Sunday, November 30, 2014

Lazy Sunday # 352: The Unheard Voices

Fourteen weeks ago, I wrote a post about the reaction to the killing of Michael Brown in Ferguson, Missouri.

It was based on my experiences shadowing cops while writing and producing the CBS TV series “Top Cops” and my belief that this was an example of the “Killer Cops targeting young Black Males” narrative on social media would ultimately be revealed as false.

I also suggested people wait to hear the whole story before reaching conclusions.

For having those opinions I was widely branded as out of touch and insensitive at best and a Racist at the other end of that scale.

No doubt, I’ll be getting more of the same after what follows. Once people have become invested in a position, it’s difficult to shift their perspective.

But for what it’s worth…

Here we are three and half months later. A Grand Jury has ruled that the officer in the case did not act inappropriately and a St.Louis County investigation has revealed that several witnesses knowingly falsified their statements or went along with the “Killer Cop” narrative for fear of reprisal.
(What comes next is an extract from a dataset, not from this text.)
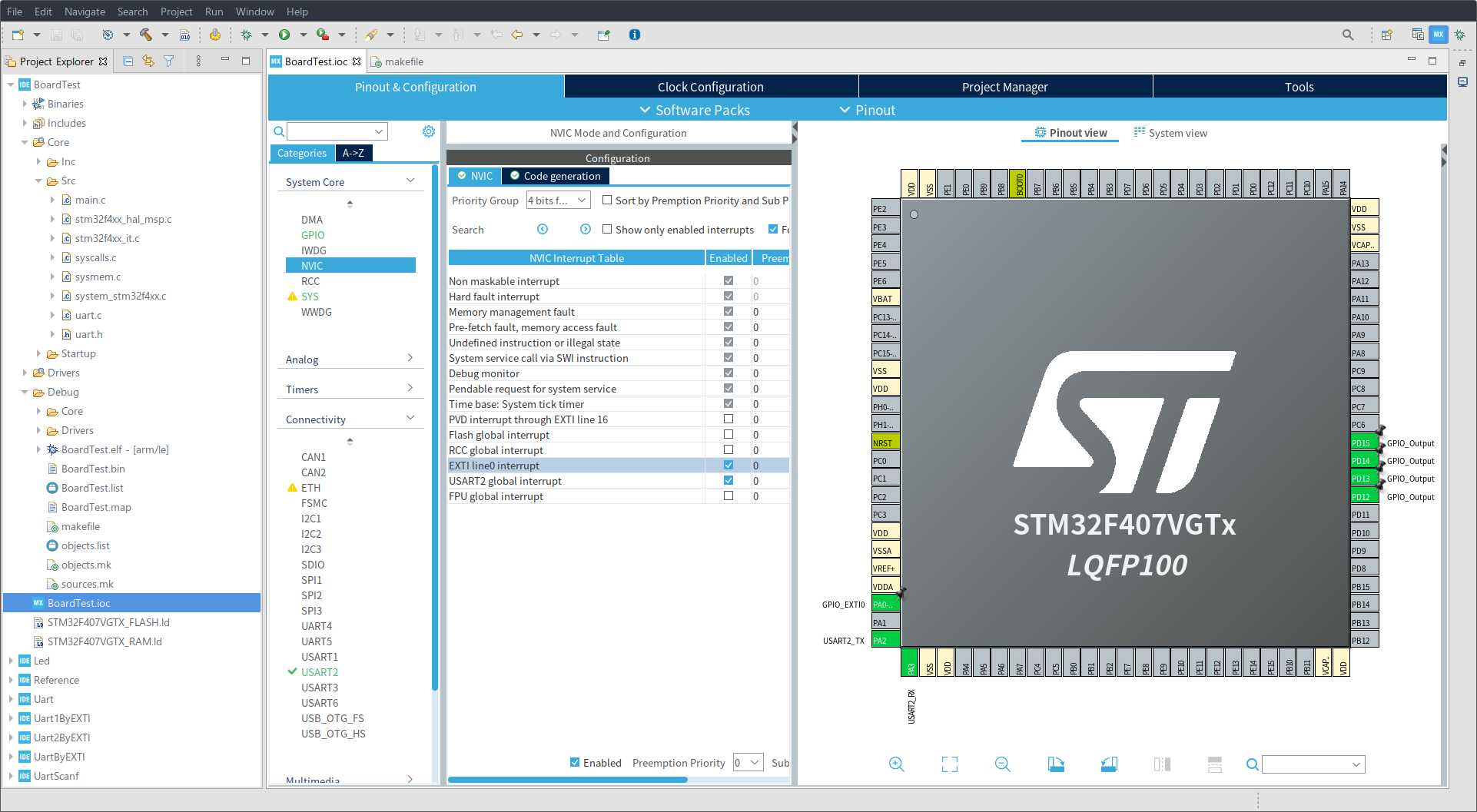사용자 입력을 받으려면 uart data를 인터럽트로 받는 것보다 폴링 방식으로 data를 수신하는 것이 편하지만, 이 코드에서는 인터럽트 방식을 사용하였다. 따라서 아래 이미지와 같이 MCU를 설정하도록 한다.
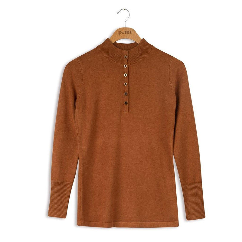 – Sold OutKeep it simple and comfy. The ultimate mock neck knit henley. Point wanted to create a basic comfy wardrobe staple with a ton of versatility., Their basic mock neck features stretchy, washable fabric you know and love. Wear them layered or just as is, you'll live in these elevated basics. They create endless opportunities to mix and match. They wash like a dream and wear so effortlessly.

But the narrative continues. And the haters, the race baiters and the media cheerleaders of doom continue to stoke the fire. They all say they’re doing it to create a teachable moment or encourage change.

But I wonder if they’re only listening and reacting to each other and not paying attention to the people who actually live, work and police in towns and neighborhoods like Ferguson.

It’s tough living in a tough part of town. It’s just as hard to be charged with providing law enforcement there. The vast majority in both of those communities just want to get through their day without encountering any more crap than they already have to deal with.

But few in the media and, it seems, fewer with an activist agenda have any time for what those two communities know from experience.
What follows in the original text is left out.